Заготовленная Бляшкиным речь о приеме незнакомки на работу, для чего, значит, надобно, выяснить ее, незнакомкино, имя, застряла у него в пересохшем горле и навеянная «Абсолютом» бодрость куда-то враз улетучилась.


– Простите, а  во сколько у вас магазин открывается? Мне бы чайник купить с кипятильником и из продуктов кой-чего.


Услышав все это, Бляшкин только кивнул, как-то нарочито хлопнув челюстью и уже развернулся, дабы, как и давеча за постелью, рвануть домой за чайником. О том, что он скажет при этом уже стопроцентно проснувшейся и копашащейся во дворе жене, не подумал. Но бежать не понадобилось.


– Вы куда? Я сейчас не голодная. Магазин же у вас есть?


– Ага, в десять открывается, если Клавкина сеструха не проспит  – как-то растерянно кивнул председатель, так и не решив: бежать-таки ему за чайником или остаться. Терзания были недолгими.


– Да вы не переживайте, это не срочно.


Бляшкин переживать перестал и, наконец, вспомнил, для чего он, собственно, примчался ни свет ни заря.


– Я вас на работу хочу устроить, бухгалтером, только мне вот – председатель даже как-то замялся – им ваше нужно и фамилия.


Она как-то запросто представилась. И Бляшкин застыл в растерянности. Нет, то есть он собрался идти обратно в правление, но… но идти никуда не хотелось. Он вот стоял и пялился. То на Яну – так звали его будущего бухгалтера, – то по сторонам, пока она не разрядила обстановку.


– Ну, что, пойдемте, я готова.


– Куда? – вновь, как и при их первой встрече, задал донельзя глупый вопрос бывший участковый.

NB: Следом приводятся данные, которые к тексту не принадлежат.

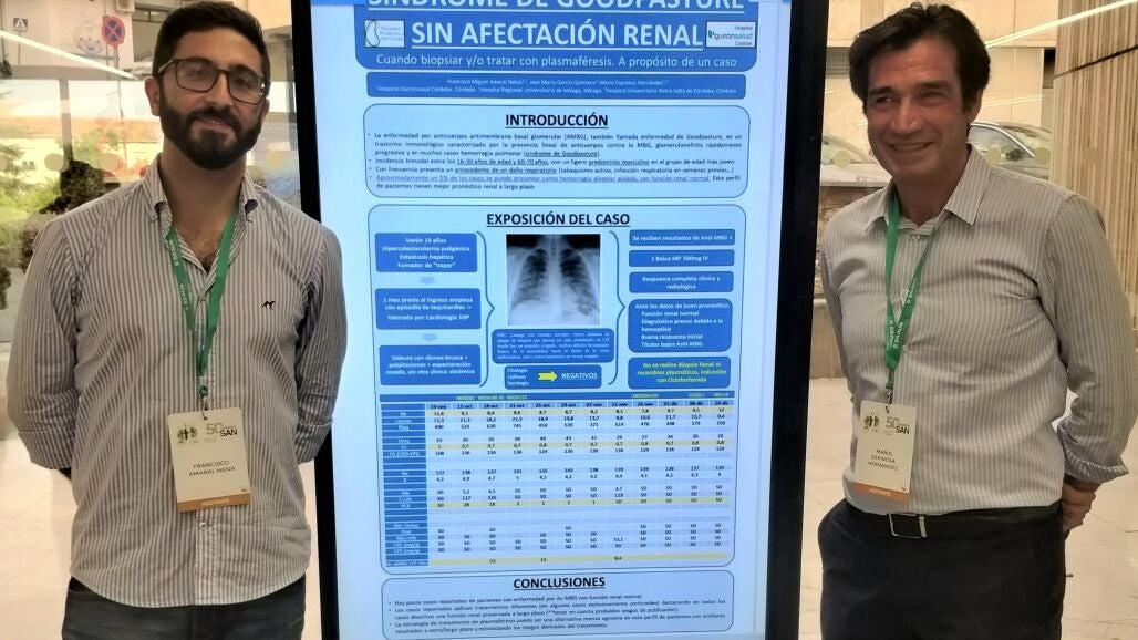 El doctor Amaral-Neiva ha explicado que este caso, presentado en el 50 Congreso de la Sociedad Andaluza de Nefrología junto al doctor Mario Espinosa, también especialista del servicio de Nefrología, se trata de una variante atípica de la “enfermedad por anticuerpos antimembrana basal glomerular (Ac-MBG)”, también conocida como “enfermedad de Goodpasture”, con una incidencia aproximada de 1 caso cada millón de habitantes. Particularmente, el caso diagnosticado en el Hospital Quirónsalud Córdoba se presentó como una variante atípica con una probabilidad de aparición de un caso por cada 10 millones de habitantes.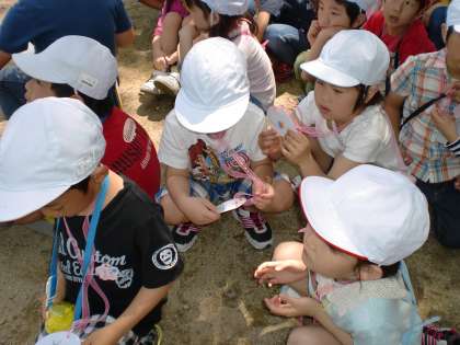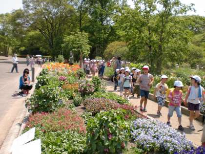 5月14日(火),はじめての遠足で,植物園に行って来ました。2年生と一緒に行きました。2年生とグループを組み,2年生の案内で植物園をウォークラリーしました。名前を書いたメダルをもらい,手を引いてもらってとても楽しそうな1年生でした。とっても暑かったのですが,電車の乗り降りもちゃんと出来,最後までしっかり歩きました。

– В это, как его, правление ваше, мне ж, наверное, заявление написать надо и расписаться в нем?


Бляшкин, от перспективы совместной прогулки, аж подпрыгнул слегка от радости и как-то ловко притопнул, при этом не забыв хлопнуть себя по лбу: этак как же он совсем забыл о заявлении, которое устраивающийся на работу должен ему написать. Последний раз Колька такое строчил, точнее – мамаша его, а Колька только расписался.

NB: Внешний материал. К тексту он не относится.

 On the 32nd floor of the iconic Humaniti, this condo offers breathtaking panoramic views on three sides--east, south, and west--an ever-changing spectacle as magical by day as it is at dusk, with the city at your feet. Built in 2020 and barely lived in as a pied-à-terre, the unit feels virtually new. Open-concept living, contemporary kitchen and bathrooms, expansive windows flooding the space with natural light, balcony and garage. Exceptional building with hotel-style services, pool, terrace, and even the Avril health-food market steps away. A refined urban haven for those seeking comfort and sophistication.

В общем, она спрыгнула с порога – прыгать было целесообразнее и безопаснее, нежели наступать на полусгнившие и ненадежные ступени и почти пробежала по героически вытоптанной вчера Бляшкиным тропе, подцепив свитером, по пути, пару репьев, которые председателю страсть как захотелось вырвать. Не решился. Отчего расстроился и удивился. Удивился потому, что по части баб в молодости был не промах. И в клубе отплясывал, и на медляк пригласить мог, и на мотоцикле – «ижаке» – покатать, и на сеновал сводить.

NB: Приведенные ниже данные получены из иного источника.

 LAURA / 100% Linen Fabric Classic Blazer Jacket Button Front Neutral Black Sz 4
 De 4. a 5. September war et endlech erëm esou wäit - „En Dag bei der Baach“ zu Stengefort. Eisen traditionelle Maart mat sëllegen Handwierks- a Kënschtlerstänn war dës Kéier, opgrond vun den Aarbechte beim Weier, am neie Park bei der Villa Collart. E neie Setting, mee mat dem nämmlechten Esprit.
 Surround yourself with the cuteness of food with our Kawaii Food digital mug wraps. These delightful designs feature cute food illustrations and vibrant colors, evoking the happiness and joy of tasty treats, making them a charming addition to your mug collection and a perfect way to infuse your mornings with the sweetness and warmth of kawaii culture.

«Но то местные девки» – оправдал сам себя бывший участковой. В самом деле, Яна была какой-то другой. Даже странной. Шли молча. Перейдя речку по узкому мосту, они оказались подле родника. Бляшкин аж рванулся к нему, отпихнул круглую деревянную крышку, с грохотом упавшую от непросыхающую подле родника черную утоптанную  землю и ловким движением спустил вниз привязанное скрипучей цепью ведро, которое с гулким эхом ударилось о воду.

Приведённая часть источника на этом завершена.